During this Christmas-holiday shortened trading week, U.S West Texas Intermediate crude oil is set to finish the year in a strong position to continue the rally into early 2020. Although the market has been on a tear since the week-ending October 25, it was the three bottoms the week-ending June 7, August 9 and October 4 that saved this market from revisiting the lows in the $40’s hit on Christmas Eve 2018.
Generally speaking, the bullishness this year has been fueled by a number of factors including progress on Brexit, the U.S./China trade front and continued strength in the U.S. economy. Specifically, it was a pair of well-timed decisions by OPEC and its allies to reduce then deepen production cuts that helped stabilize prices. Ultimately, it was likely the actions by the U.S. Federal Reserve that helped stave off a steep break and return to last December’s major low.

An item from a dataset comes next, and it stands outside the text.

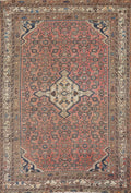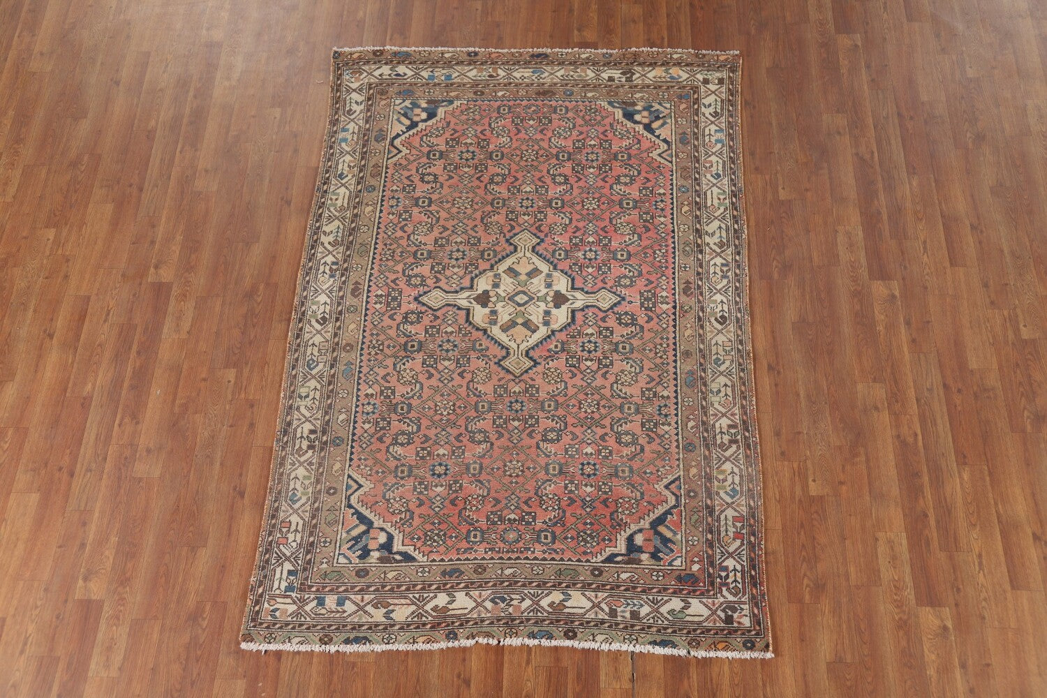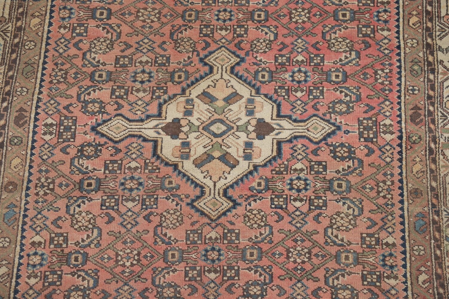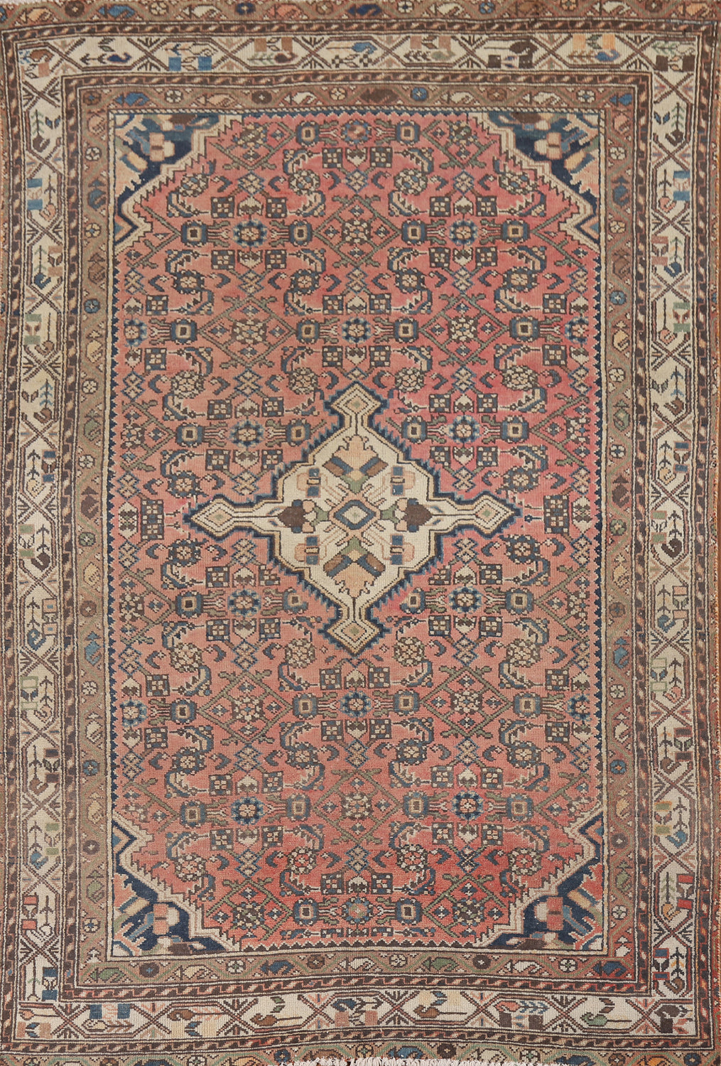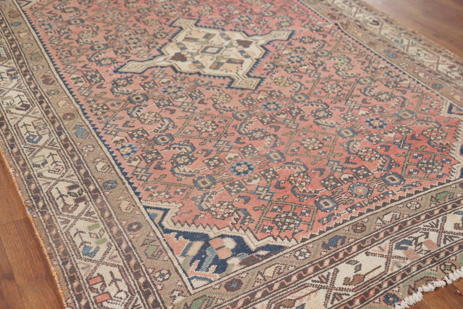 A Beautiful Genuine Persia ( Persia ) Hamedan rug is Hand Knotted by skillful weavers in Persia ( Persia ) with 100% Wool Material. This rug is in Very Good (Evenly Low Pile) condition. dimensions are 6' 10'' X 4' 8'' in foot and 208 X 142 in centimeter. the primary color is Pink.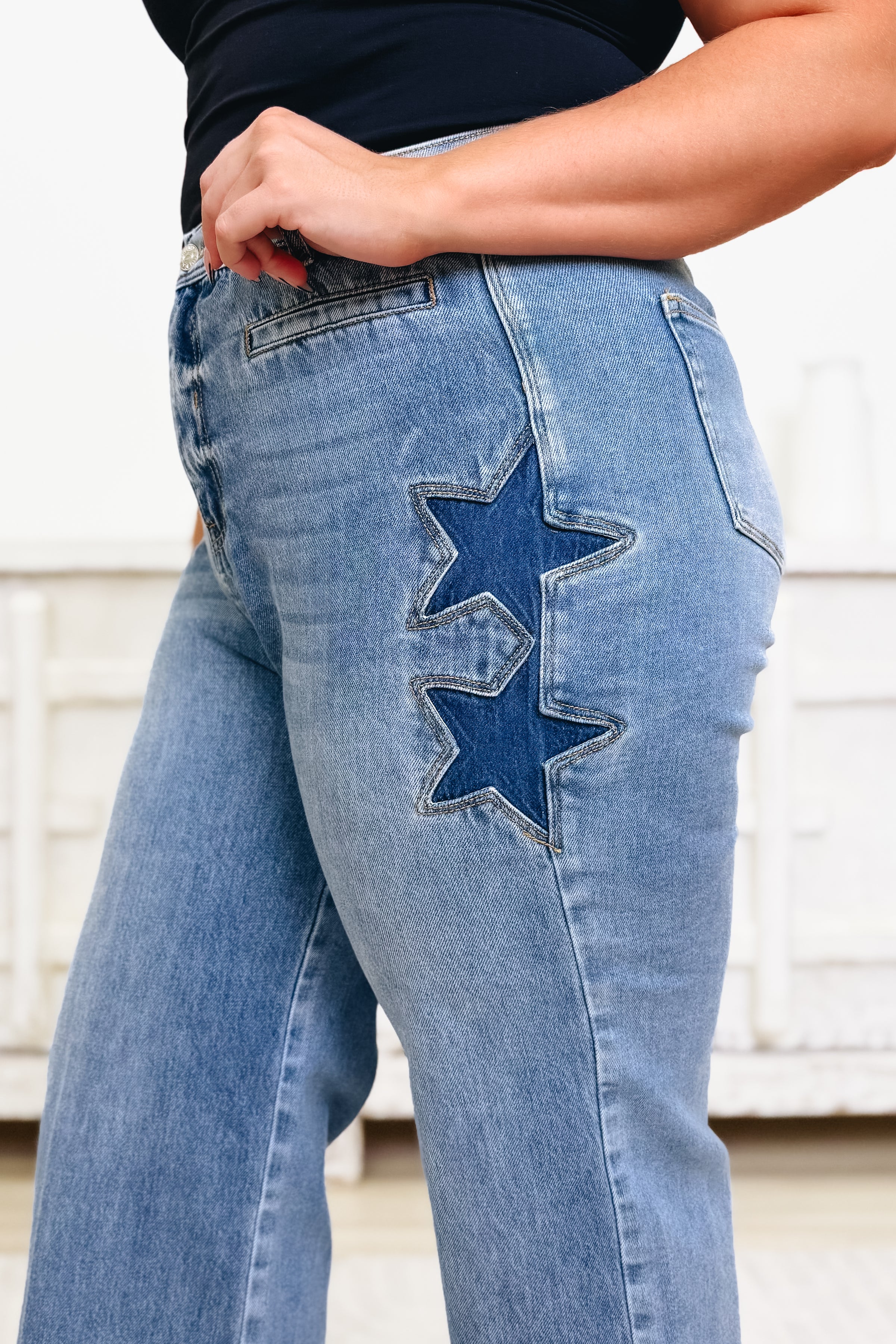 Lucky Star By Saige Denim - High Rise Wide Leg Star Jeans - Medium Light

At the end of 2018, crude oil prices were plunging as recession fears reached a fever pitch amid the combination of tariff tensions, Fed policy tightening, and a downdraft In U.S. manufacturing. Fourth-quarter GDP growth had slipped to nearly 1.0% from close to 3.0% the quarter before, with Purchasing Manager Index surveys sharply lower.
This year is ending with the economy strengthening on the back of continued labor-market strength and receding tariff threats dampening recession calls. GDP growth is now hovering near 2.4%, unemployment is at a 50-year low and wages are rising.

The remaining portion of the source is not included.